Hoover Institution (Stanford, CA) – On Tuesday, May 3 and Wednesday, May 4, Morris Arnold and Nona Jean Cox Senior Fellow Amy Zegart, along with former senior officials from the American intelligence community, led a 48-hour simulation with one hundred participating Stanford undergraduates on formulating policy solutions that address nuclear instability on the Korean Peninsula.

The simulation, which took a year to design, forms part of the curriculum of Zegart’s course on the history and future of US intelligence policy, “Spies, Lies, and Algorithms,” (also the title of her new book from Princeton University Press from which the course is based). The course, comprised of mostly freshmen and sophomores, is intended to introduce students from a diverse set of majors to subjects of US intelligence and national security early in their Stanford careers.

Sorted into teams resembling departments and agencies in the US government, students were tasked with deciphering a large and constantly flowing stream of intelligence coming from Asia. They presented their findings and opinions to members of a mock NSC’s principals committee, including the US president (played by Sue Gordon, deputy director of national intelligence, 2017–19), national security advisor (Amy Zegart), secretary of state (John E. McLaughlin, deputy director of central intelligence, 2003–4), secretary of defense (Jamil Jaffer, chief counsel and senior advisor to US Senate Foreign Relations Committee, 2015), and special advisor to the president (Yong Suk Lee, CIA analyst, 1997–2019).

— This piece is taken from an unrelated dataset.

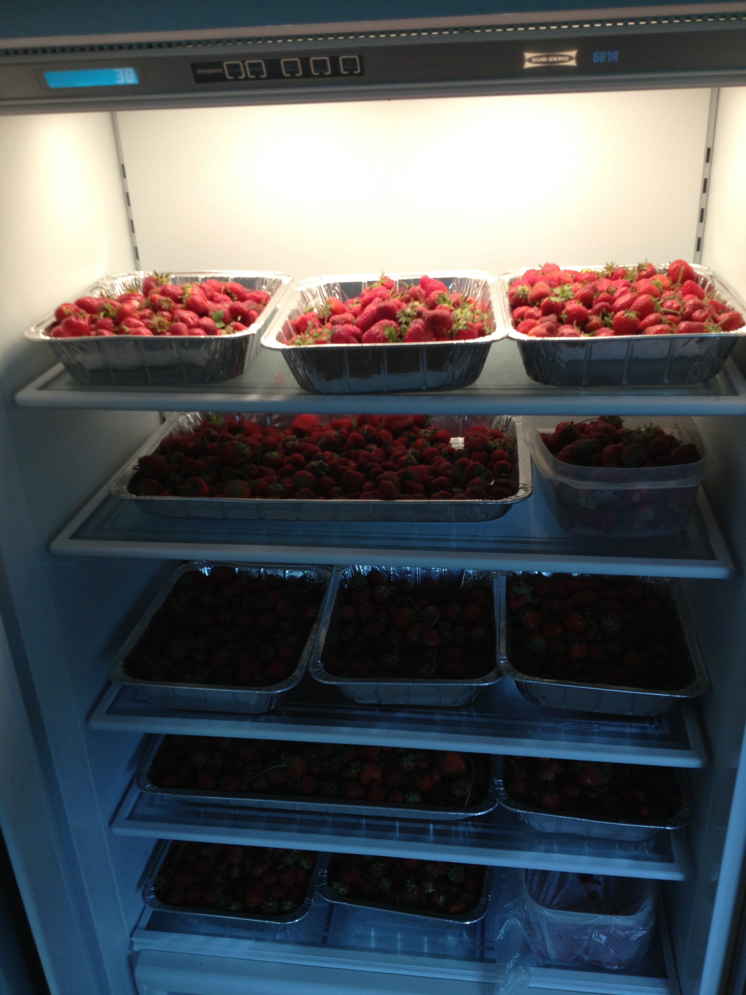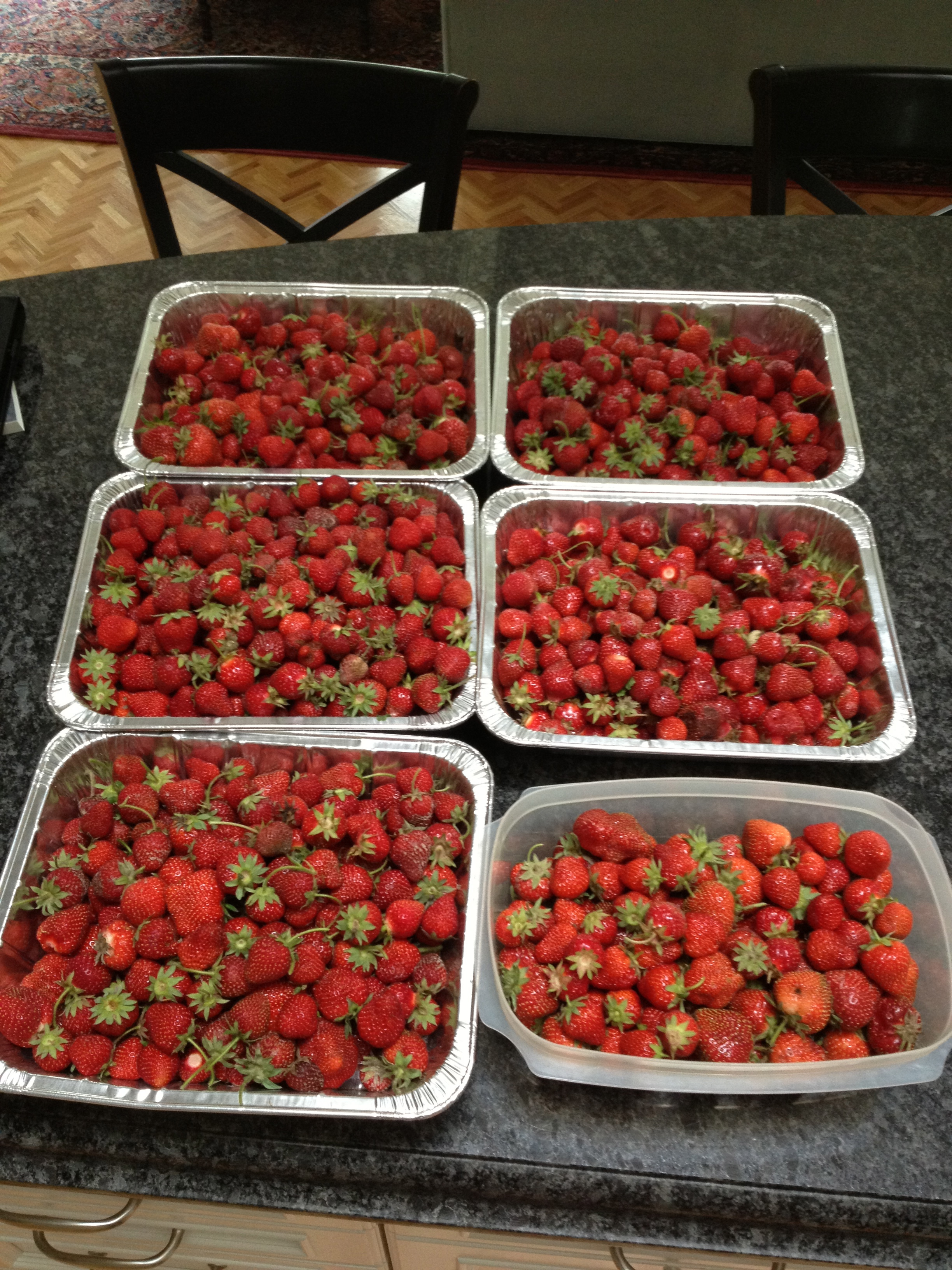 Yesterday was a big day for jam making at Seven Oaks. I experimented with two batches, making them both without pectin but with different amounts of sugar. It is appalling how much sugar one is instructed to dump into jam making! The first batch used 4 cups of crushed berries with 4 cups sugar and the second used 4.9 pounds of berries with 4 cups sugar. (Weighing is going to be my tool of the future since it is faster and more dependable than measuring.) To both batches I added the juice of one lemon. The first batch made 5 half pints and 1 quarter pint jars. The second batch made 8 half pints and 1 quarter pint. I probably could have added more sugar to the second batch but as long as it sets up, I’ll be quite happy!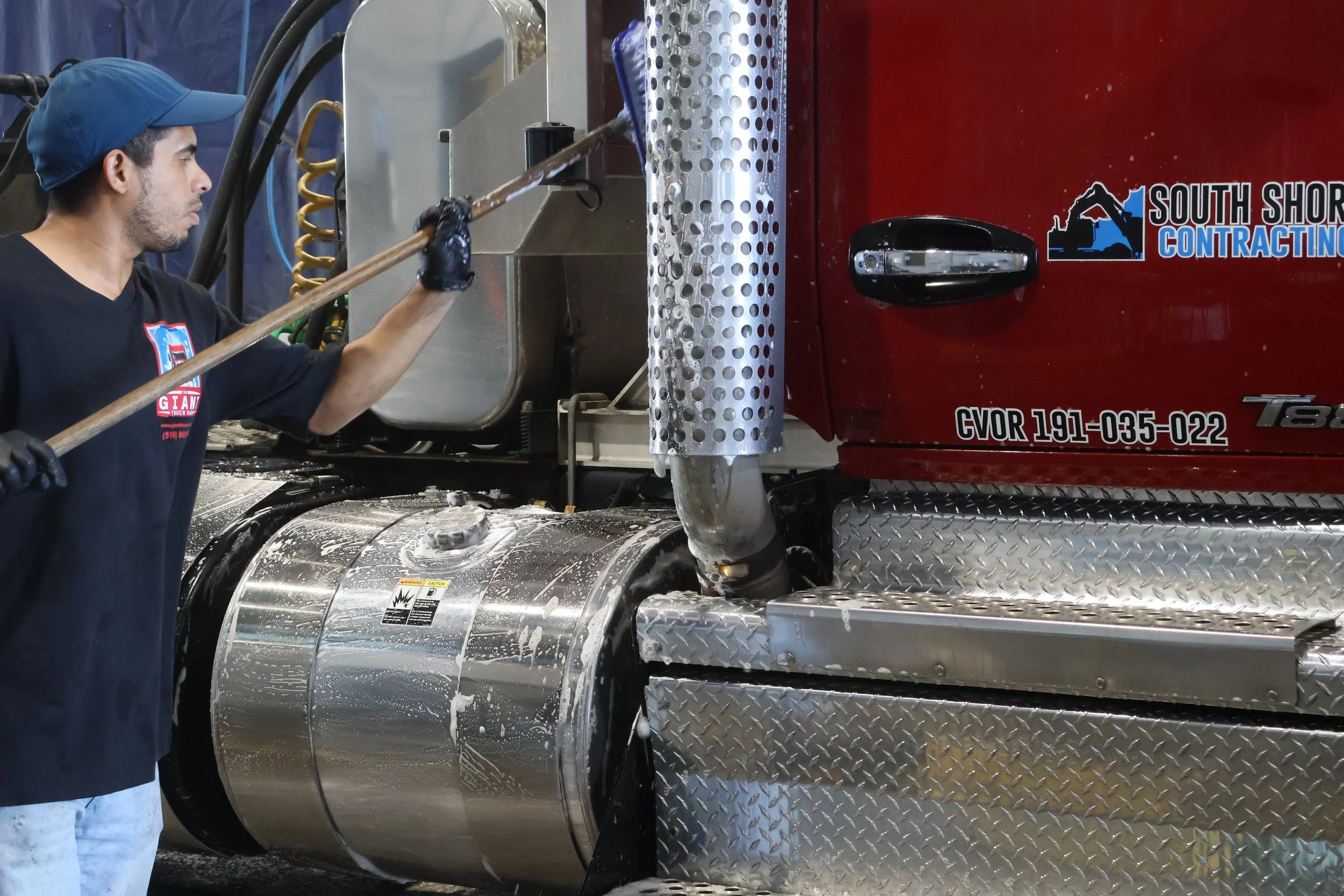 Giant Truck Wash is located at Exit 56 off Highway 401 in Tilbury, Ontario, conveniently accessible for truck drivers and fleet managers traveling the 401 corridor. We’re open 6 days a week; Monday to Friday from 9 a.m. to 8 p.m. and Saturday 9 a.m. to 4 p.m. For our handwashing services. Our ScanMax touchless automatic truck wash is open 24/7, 365.

Prior to the simulation, the officials described to students why they decided to devote a portion of their careers to public service. They also provided their analyses of Russia’s invasion of Ukraine, and of the potential for China’s takeover of Taiwan through nonpeaceful means.

The simulation presented students with hypothetical scenarios in which they would be required to present a crisis response. In one such scenario, North Korea’s leader Kim Jong-un has gone missing, and there are reports that the country has been plunged into a struggle over who will be Kim’s successor. Of concern for US policy makers is who controls North Korea’s nuclear arsenal, and whether there is a potential for crisis escalation with China if the United States attempts to help shape the political outcome in Pyongyang using military force. The US also is faced with the challenge of managing its alliance with South Korea and another major regional actor, Japan.

In advance of the first presentation to the mock National Security Council, students received detailed backgrounders about the fourteen government agencies represented in the simulation. They were tasked with writing memoranda, in which they had to provide in-depth analyses on the above themes.

Former officials guided the student teams in assessing the accuracy of the hypothetical intelligence reports and crafting the appropriate policy responses that were later presented in ensuing National Security Council briefings. The officials inspired students to think critically about the costs and benefits to possible courses of action. Student teams were also encouraged to talk with one another in order to achieve optimal policy outcomes. Zegart and the former intelligence officials purposefully designed the simulation to mimic the federal government’s interagency process, in which, Zegart explained, the facilitation of intelligence sharing and policy coordination can be mired in inefficiency and is frequently impeded by bureaucratic gridlock and various communication barriers.

After deliberation between student teams and national security principals, the president (Gordon) decided on the course of action based on intelligence analysis and strategy recommendations provided to her by the different teams.

Zegart and the former intelligence officials concluded the program with a debrief, in which they stressed to students the importance of structuring national security decision making through an organizational process, especially when faced with a rapidly evolving international crisis.

“Wise as you are, we just threw this at you,” McLaughlin said, adding, “This is an important skill in the national security arena. I just call it ‘quick study.’ In other words, you have to get smart very fast about difficult [issues] on which you may not know a lot about.”